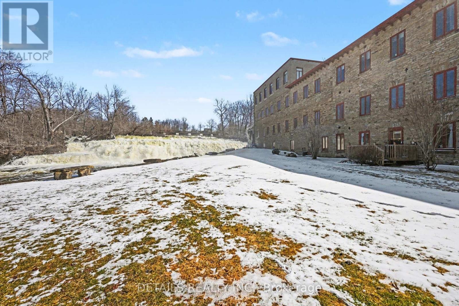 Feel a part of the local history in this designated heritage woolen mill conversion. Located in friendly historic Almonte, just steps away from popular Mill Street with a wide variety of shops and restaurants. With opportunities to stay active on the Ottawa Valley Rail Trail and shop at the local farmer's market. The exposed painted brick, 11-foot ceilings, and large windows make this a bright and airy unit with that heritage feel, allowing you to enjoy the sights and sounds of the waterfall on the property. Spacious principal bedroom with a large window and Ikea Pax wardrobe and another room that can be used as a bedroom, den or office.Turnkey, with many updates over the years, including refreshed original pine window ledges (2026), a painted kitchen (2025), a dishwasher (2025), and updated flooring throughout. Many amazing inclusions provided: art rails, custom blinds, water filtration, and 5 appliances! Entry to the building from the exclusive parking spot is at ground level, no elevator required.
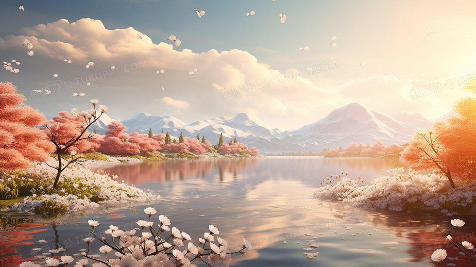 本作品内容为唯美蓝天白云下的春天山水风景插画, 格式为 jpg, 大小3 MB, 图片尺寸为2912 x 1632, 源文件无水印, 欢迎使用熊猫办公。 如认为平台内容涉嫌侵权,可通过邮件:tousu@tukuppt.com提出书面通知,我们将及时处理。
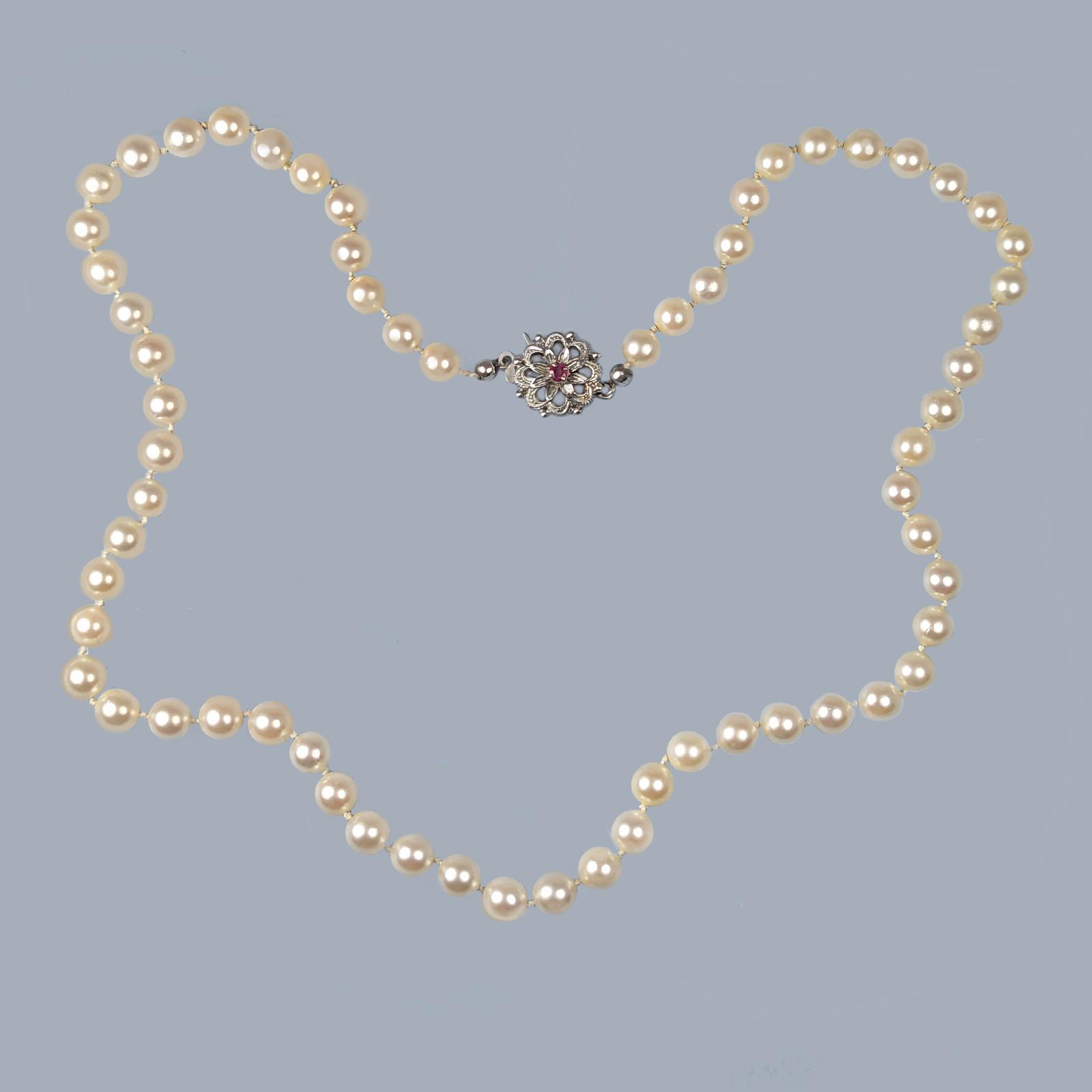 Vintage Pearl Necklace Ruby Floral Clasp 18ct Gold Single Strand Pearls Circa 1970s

◆ To do
Emit an exact copy of the lines from the line bearing "本作品内容为唯美蓝天白云下的春天山水风景插画, 格式为 jpg, 大小3" through the last line above, inclusive, and leave the images out.

◆ Solution to this problem
 本作品内容为唯美蓝天白云下的春天山水风景插画, 格式为 jpg, 大小3 MB, 图片尺寸为2912 x 1632, 源文件无水印, 欢迎使用熊猫办公。 如认为平台内容涉嫌侵权,可通过邮件:tousu@tukuppt.com提出书面通知,我们将及时处理。
 Vintage Pearl Necklace Ruby Floral Clasp 18ct Gold Single Strand Pearls Circa 1970s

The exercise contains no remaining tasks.